From: Adam Twardoch (List)
Subject: Re: [ft-devel] Getting the kerning pairs in under O(n*n)
Date: Thu, 04 Oct 2012 02:56:19 +0200
User-agent: Mozilla/5.0 (Macintosh; Intel Mac OS X 10.6; rv:15.0) Gecko/20120907 Thunderbird/15.0.1

The makers of m17n developed libotf which at a time provide some,
although rather spotty, support for complex-script rendering.

The OpenType Layout model is such that -- especially for Indic scripts
-- an OpenType Layout engine (a library) must "know a lot" and interact
well with OpenType fonts. The "knowledge" about the correct orthographic
and typographic text layout in a number of Asian scripts is split
between the OpenType Layout engine and OpenType fonts. The correct text
layout is only possible in combination of these two.

The FreeType project once started a sub-project called FreeType Layout,
which was aiming to develop an OpenType Layout engine that would match
the "reference implementation", which is the Microsoft Uniscribe library
on Windows. However, the FreeType developers found that they were not
"the right people" to do that, so the project stalled.

Then, the m17n developers created libotf. 

However, the FreeType Layout library was then forked into two separate
OpenType Layout engines, one as part of Qt, the other as Pango, or
something like that. Then, the projects were merged again, which
resulted in HarfBuzz. And then, HarfBuzz was rewritten from scratch,
which resulted in "HarfBuzz-ng", which is now the current HarfBuzz.
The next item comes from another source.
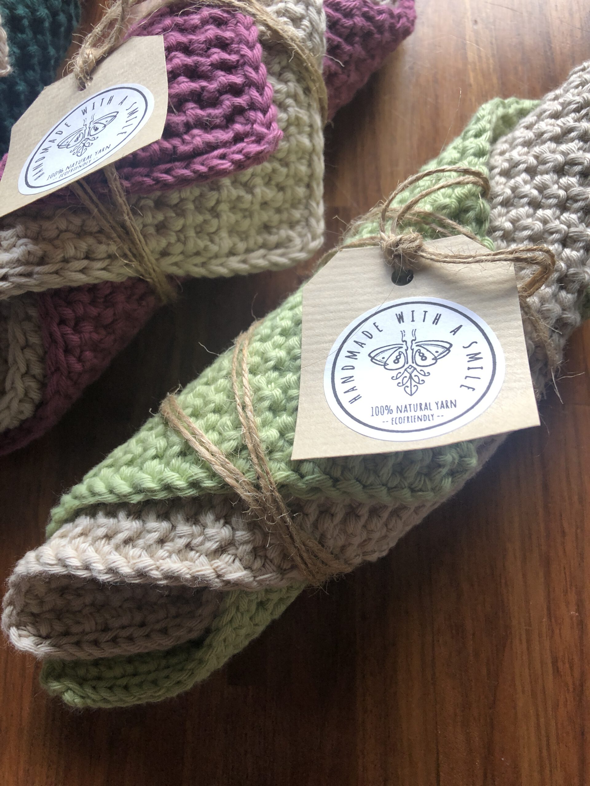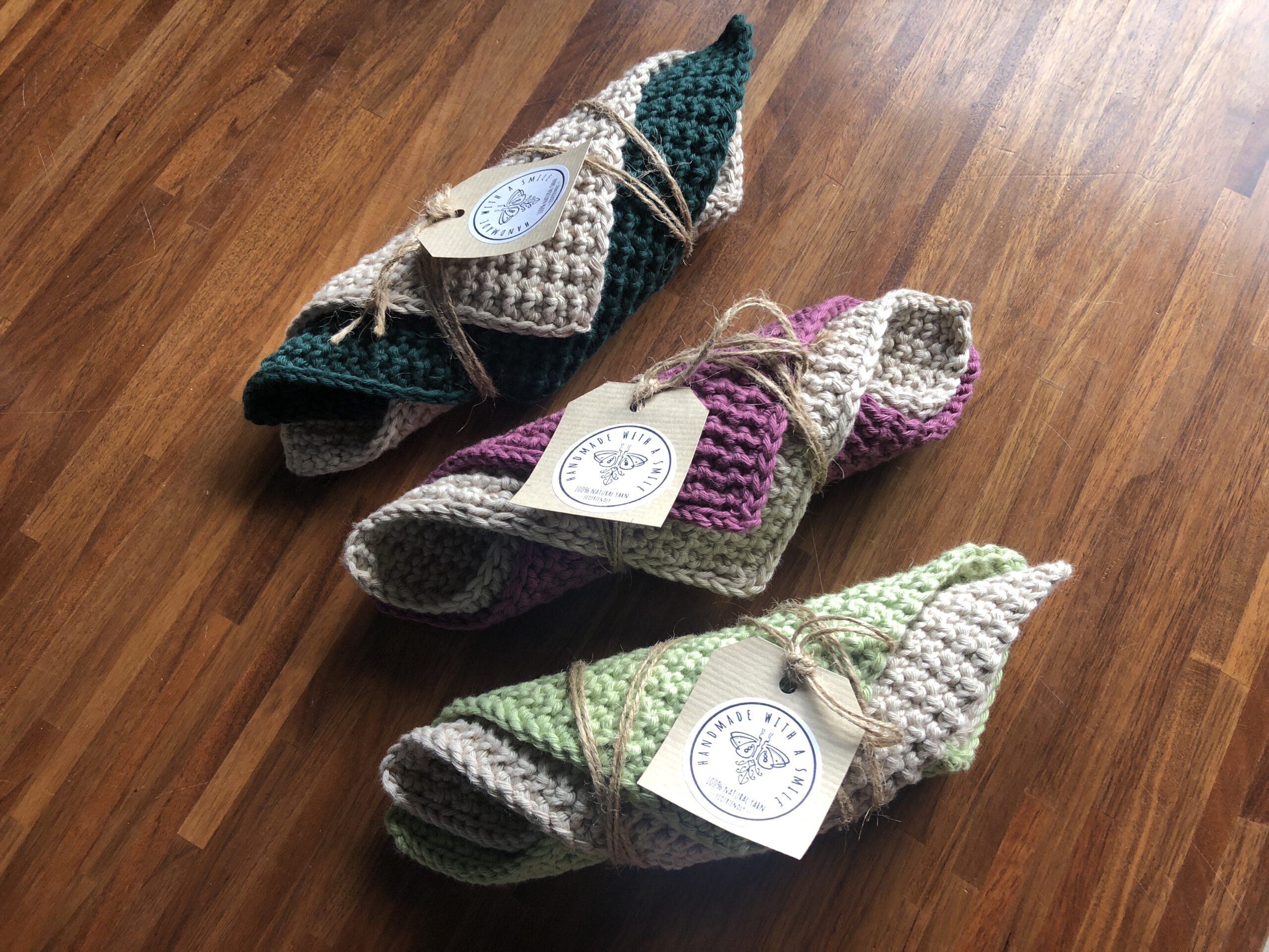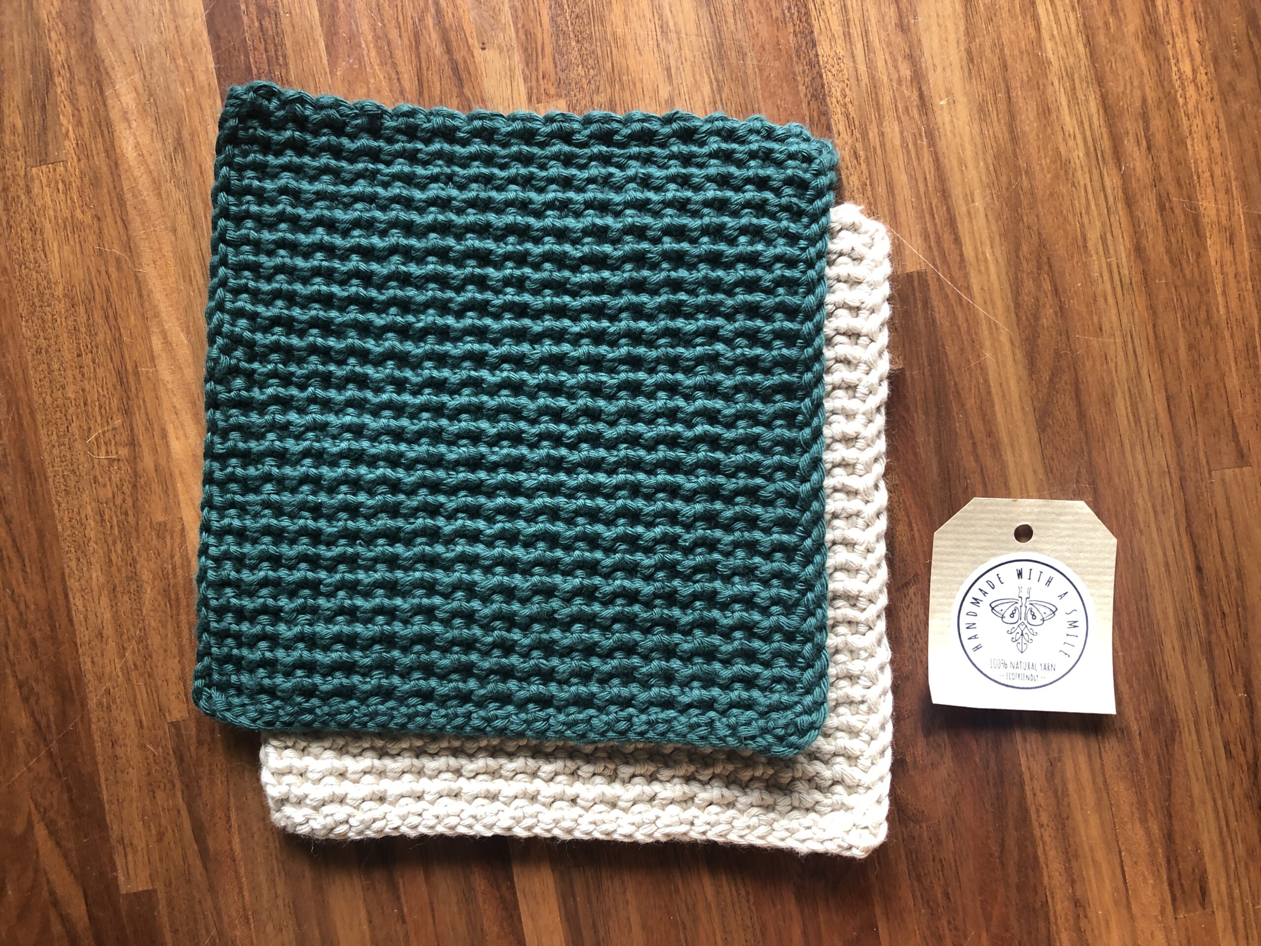 Set of 2 cotton cloths with a firm but soft scrubbing texture for wiping down benches and cleaning the bathroom.  You can use this as pot holders or large coasters as well.  Reusable and thereby ecofriendly. Available in different colours.  Handmade with a smile.

Independently of all that, IBM has developed the ICU Layout library as
part of the ICU project, with a similar goal. More recently, the ICU
Layout library was essentially "abandoned" but valuable portions of it
were ported to HarfBuzz. Before 2011, ICU Layout was considered
"stable", and possibly the best solution for an opensource OpenType
Layout library, while HarfBuzz was undergoing very dynamic rewrites. But
in 2012, I believe that HarfBuzz has matched and surpassed ICU Layout.

So it all did start with FreeType after all. HarfBuzz stemmed from it,
went a complicated path, and arrived at where it is now -- which is
*good shape* already. ICU Layout is probably second choice, while other
solutions such as libotf are no longer developed and I wouldn't invest
into them.

Regards,
Adam

On 12-10-04 02:41, address@hidden wrote:
> Hi,
>
> On Wed, Oct 03, 2012 at 02:38:40PM -0700, Vinnie Falco wrote:
>
>>> Please don't forget that FreeType's job is to render glyphs, nothing
>>> else.
>> My opinion is that since FreeType opens the font file, it might as
>> well process everything that is in it.
> Might the suggestion that FreeType could perhaps /parse and expose/ all tables
> without necessarily /handling/ all of them, help in this discussion? 
>
> Analogous to Adam's audio/video example, could it make sense for FreeType to
> implement the audio/video demuxers (table parsers) and the video codecs (glyph
> rendering), but not the audio codecs (text layout)?
>
> (Something else: in this and similar discussions I don't hear anyone 
> mentioning
> m17nlib for text layout, even though it aims to handle all aspects of all
> current unicode scripts. I've also found its API for that quite nice and
> elegant a few years ago. When it's mentioned, it's mostly in the context of
> multilingual input alone. Does it have pronounced disadvantages compared to
> Harfbuzz or Pango that I'm missing?)
>
> Kind regards,
>
>
> Emile.
>


-- 

May success attend your efforts,
-- Adam Twardoch
(Remove "list." from e-mail address to contact me directly.)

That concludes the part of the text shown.